Bunda PAUD Kapuas Siti Saniah Wiyatno Dukung Wajib Belajar 13 Tahun, Siapkan Strategi Jemput Bola dan Digitalisasi Pelaporan

Penulis: Gunawan Susilo  •  Selasa, 11 Agustus 2026 | 10:50:01 WIB
Siti Saniah Wiyatno, Bunda PAUD Kabupaten Kapuas, menghadiri seminar virtual untuk mendukung kebijakan Wajib Belajar 13 Tahun.

KUALA KAPUAS — Bunda PAUD Kabupaten Kapuas, Siti Saniah Wiyatno, menegaskan komitmennya untuk mengawal suksesnya kebijakan Wajib Belajar 13 Tahun. Komitmen ini tidak hanya sebatas dukungan moral, melainkan diwujudkan melalui penguatan kapasitas para penggerak PAUD di tingkat kabupaten hingga jenjang wilayah.

“Penguatan kapasitas Bunda PAUD menjadi bagian penting dalam mendukung peningkatan kualitas layanan pendidikan anak usia dini,” kata Siti Saniah di Kuala Kapuas, Senin.

Strategi Jemput Bola: Empat Pilar Pemenuhan Hak Anak

Dalam seminar bertema "Bunda Si Jela: Strategi Proaktif Mendukung Wajib Belajar 13 Tahun dan Digitalisasi Pelaporan melalui Portal PIJAR" yang digelar secara virtual, para peserta mendapatkan pembekalan mengenai strategi "Jemput Bola". Strategi ini berorientasi pada pemenuhan hak anak melalui empat pilar utama, yakni mendatangi, mendata, mendampingi, dan menghubungkan.

Pendekatan ini dirancang untuk menjawab tantangan klasik di lapangan, di mana masih banyak anak usia dini yang belum tersentuh layanan pendidikan prasekolah. Dengan strategi ini, Bunda PAUD dan Pokja didorong untuk lebih proaktif turun ke lapangan, bukan hanya menunggu di lembaga pendidikan.

“Melalui kegiatan ini, kita dapat memperkuat pemahaman dan peran Bunda PAUD dalam mendukung pendidikan anak usia dini. Strategi jemput bola juga penting agar tidak ada anak yang terlewat dalam mendapatkan haknya untuk memperoleh pendidikan prasekolah,” ujarnya.

Digitalisasi Laporan Lewat Portal PIJAR

Selain strategi pendekatan langsung, seminar yang diselenggarakan BPMP Kalteng ini juga memberikan panduan teknis pengoperasian Dashboard Portal PIJAR Bunda PAUD. Sistem digital ini dirancang untuk mendukung pendokumentasian program kerja secara mandiri, menggantikan sistem pelaporan manual yang kerap kali terhambat birokrasi.

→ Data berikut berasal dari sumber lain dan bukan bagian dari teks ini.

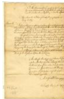
Petition of Timothy Bagley and others, praying a patent for 6000 acres of land (NYSA_A0272-78_V13_p006)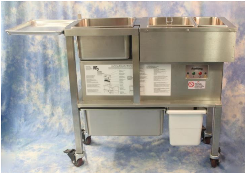
Shown but not included are 1/2 size bun pan & 1/3 size pan

AyrKing offers a breadng workstation and automatic Blender/Sifter machine with removable ice bath prep area. Rotary brush sifter operates without detrimental vibration or agitation. Spirally configured nylon bristles form an auger to eject unwanted dough balls to waste container. Ingredients are fully blended as brush tumbles breadng media before it exits through sifter screen. Unique process prevents dough ball grinding, eliminates usual sifting noise, & blends ingredients as it ejects waste.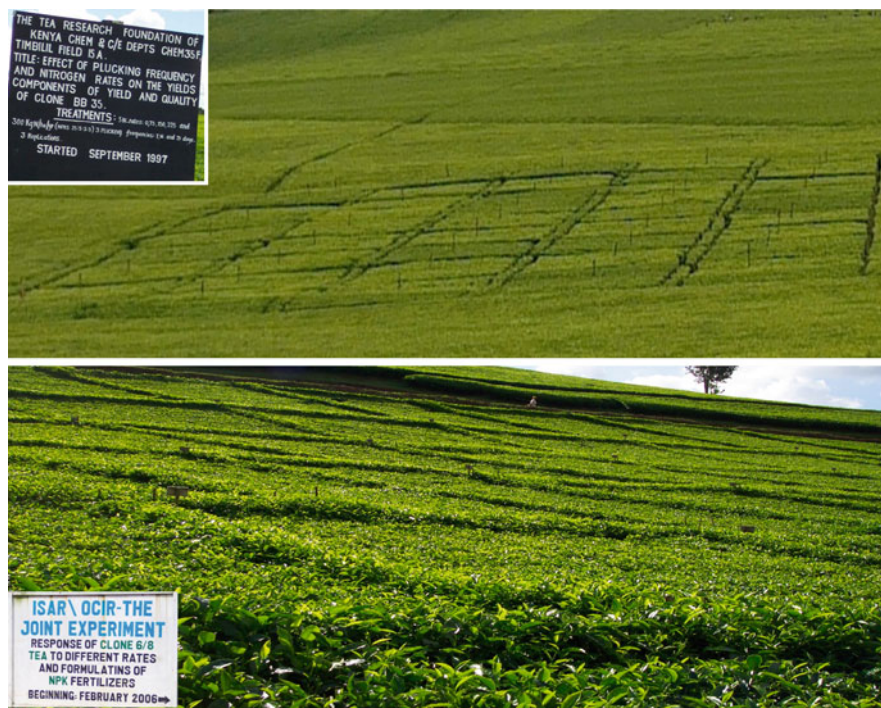
Fig. 4 Typical fertiliser field trials

Although fertilizer is one of most expensive agronomic inputs in tea plantations (Bonheure and Willson 1992), it is essential for economic tea production. Fertilizers increase yields (Bonheure and Willson 1992; Kamau et al. 2008a; Owuor et al. 2008b; Venkatesan et al. 2003, 2004) through increased growth rate and density of harvested shoots (Odhiambo 1989) (Fig. 4). The recommended agro-inputs and management on tea such as rates of nitrogen fertilizer in the eastern Africa region are widely adopted from Kenya (Anon 2002). But in practice, the rates, and sources vary from country to country (Bonheure and Willson 1992) and the popular formulation is NPK 25:5:5 or NPK 20:10:10 (Bonheure and Willson 1992). In recent years, there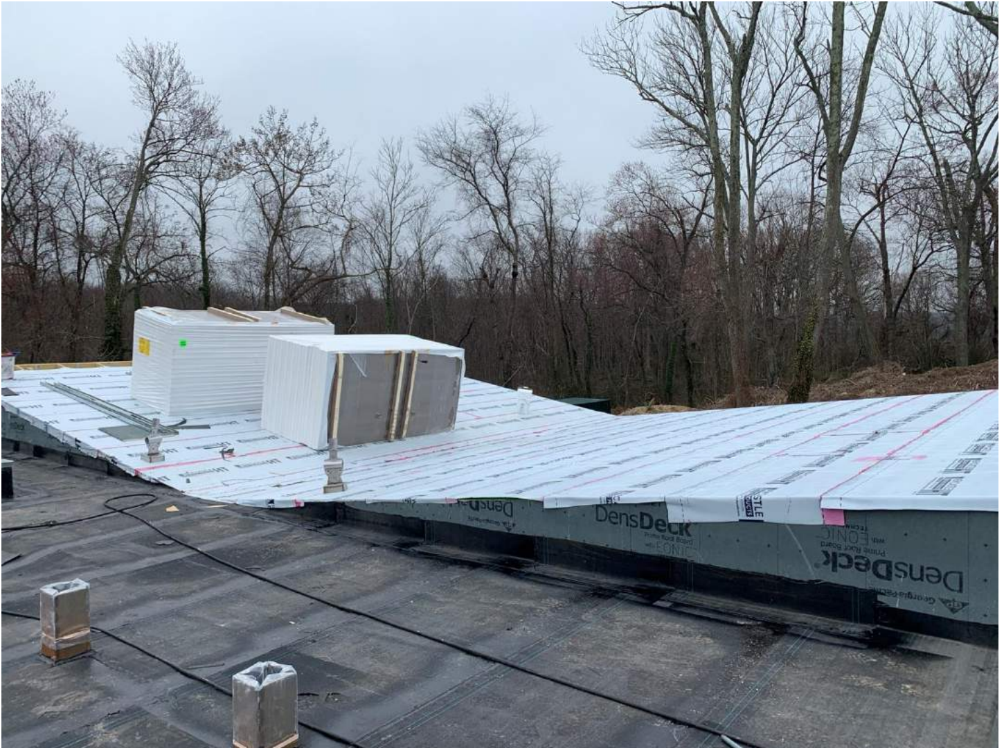
Jr/Sr HS New Addition Sloped Roofing Installation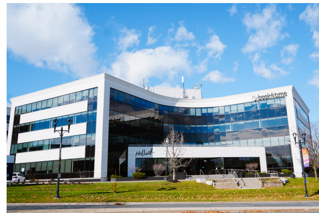
306 Town Centre Boulevard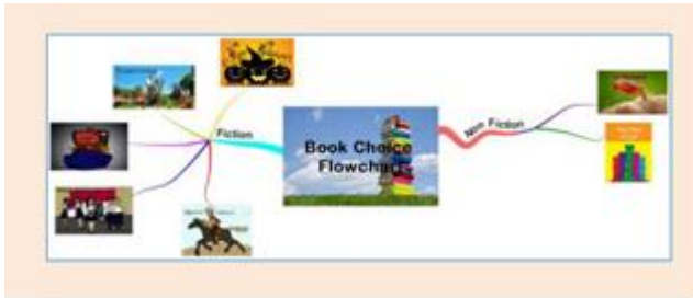
Fig 4: The books' choice flowchart before revision

Unfortunately, only 60% of students who agreed that flowchart could help them to find the just right book. This was possibly due to the ambiguous form of flowchart just like what the evaluators said.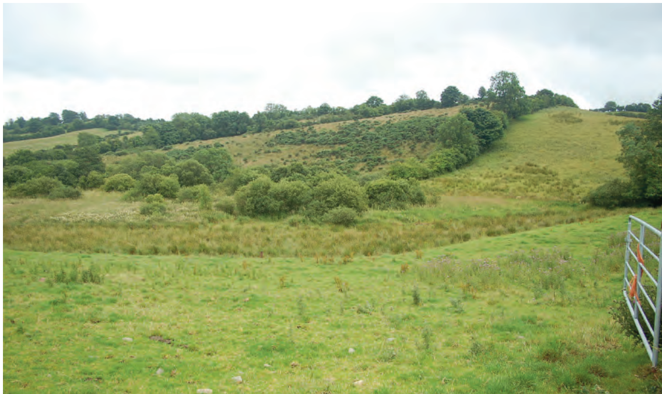
DSC 2276: P1 - Wet marshland area at the western end of the site with wet grassland, wet woodland vegetation surrounding the wet depression, with scrub on higher ground.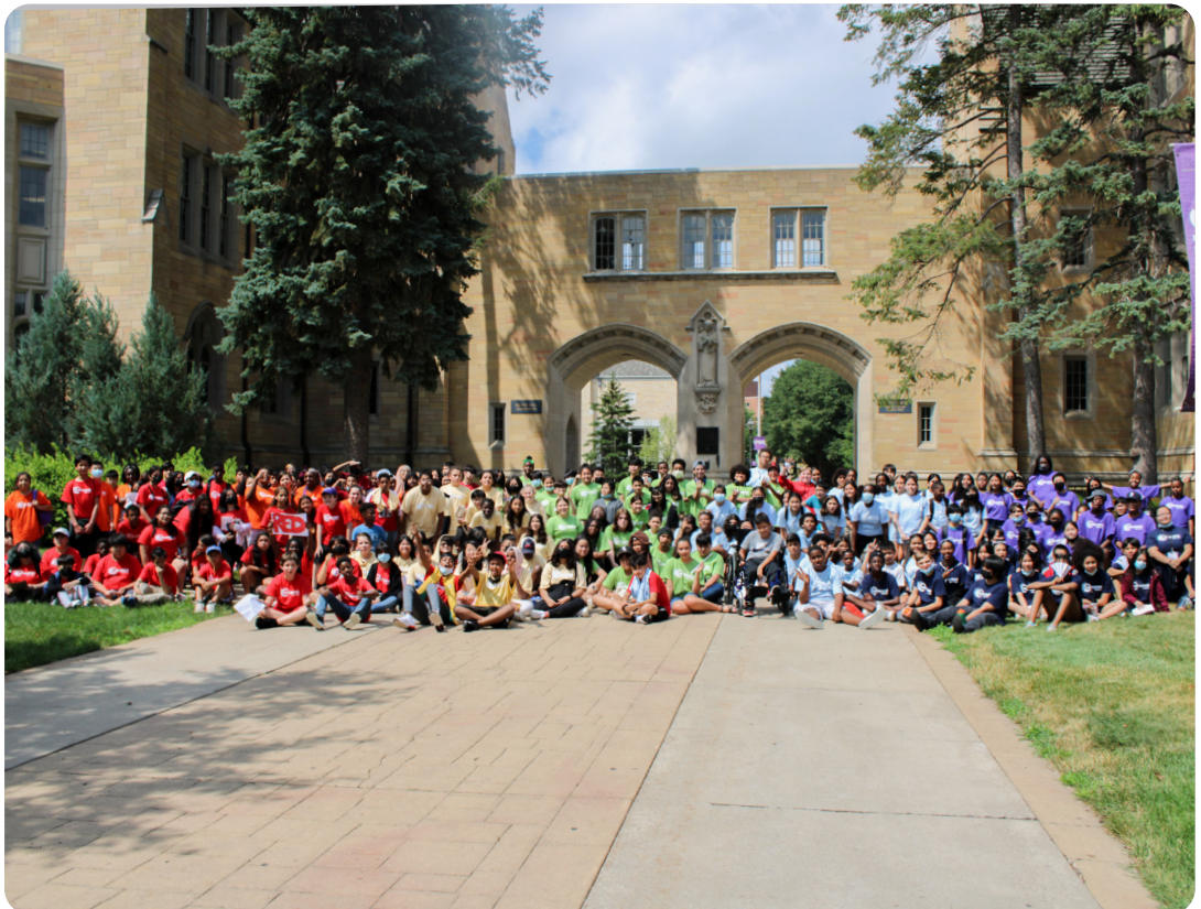
Breakthrough students at the college visit to the University of St. Thomas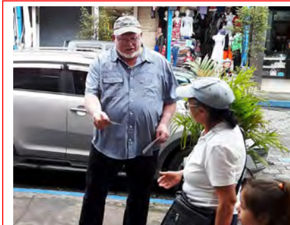
Jesus described the sower going out and broadcasting the seed widely on the field...and some fell on good soil and produced an abundant harvest. Gospel tracts are used of God like that (seeds of salvation) – so we have spread thousands of them around so far in 2024!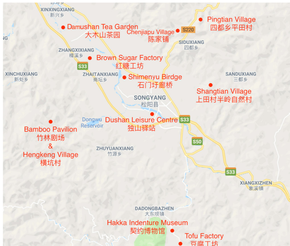
Field trip locations

There will be one native Songyang County official introducing the field trip sites. All participants will visit Route 1. Then participants choose one of the routes during the same time and attend the parallel events they are interested in.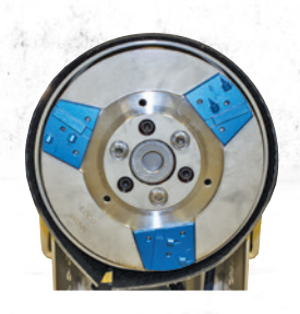
SINGLE DISC GRINDER W/LEFT-HAND TOOLING

DYMA-PCD W/BACKING SEGMENT Directional Tool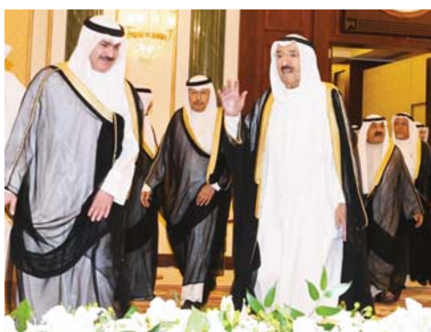
KUWAIT: His Highness the Amir Sheikh Sabah Al-Ahmad Al-Jaber Al-Sabah and Al-Sabah family received Tuesday senior foreign ministry officials, top officers of the army, police, national guard and fire department, as well as diplomats on the occasion of the holy month of Ramadan. (See Page 4)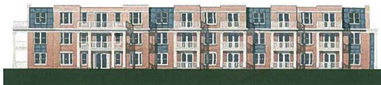
Elevation of Senior Apartment Building (Phase 1B)

Phase 2A consists of 70 rental units for families, including 17 Project Based Vouchers and 53 LIHTC units, with housing types similar to those in Phase 1A.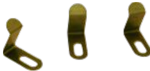
Contact Plate Springs

Replacement springs used to hold 55 mm contact plates. 3 per pack.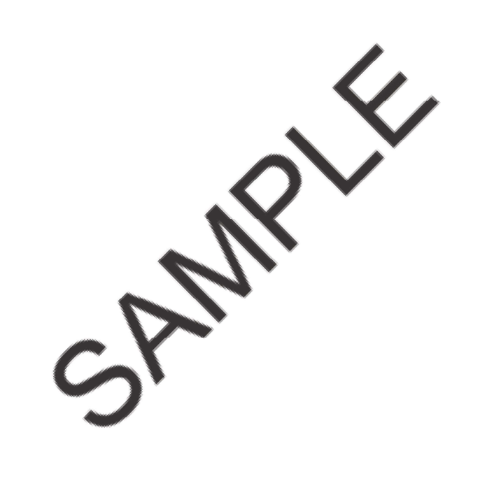
EXHIBIT A, SCOPE OF SERVICES

Melalui pemanfaatan teknologi ini, pelaksanaan program Bunda PAUD diharapkan semakin terarah dan terdokumentasi dengan baik. Digitalisasi ini juga menjadi bagian dari transformasi tata kelola pendidikan di Kalimantan Tengah, memastikan setiap program yang berjalan di daerah dapat dipantau secara transparan dan akuntabel oleh pemerintah provinsi.

Keikutsertaan Bunda PAUD Kapuas dalam kegiatan ini diharapkan mampu memperkuat sinergi antara pemerintah kabupaten dan provinsi. Dengan pemahaman yang sama terhadap kebijakan dan penggunaan teknologi, program-program PAUD ke depan dapat berjalan lebih efektif dan memberikan manfaat nyata bagi masyarakat di Kabupaten Kapuas.

Reporter: Gunawan Susilo
Sumber: kalteng.antaranews.com This article was automatically rewritten by AI based on the source above without altering the facts of the original article.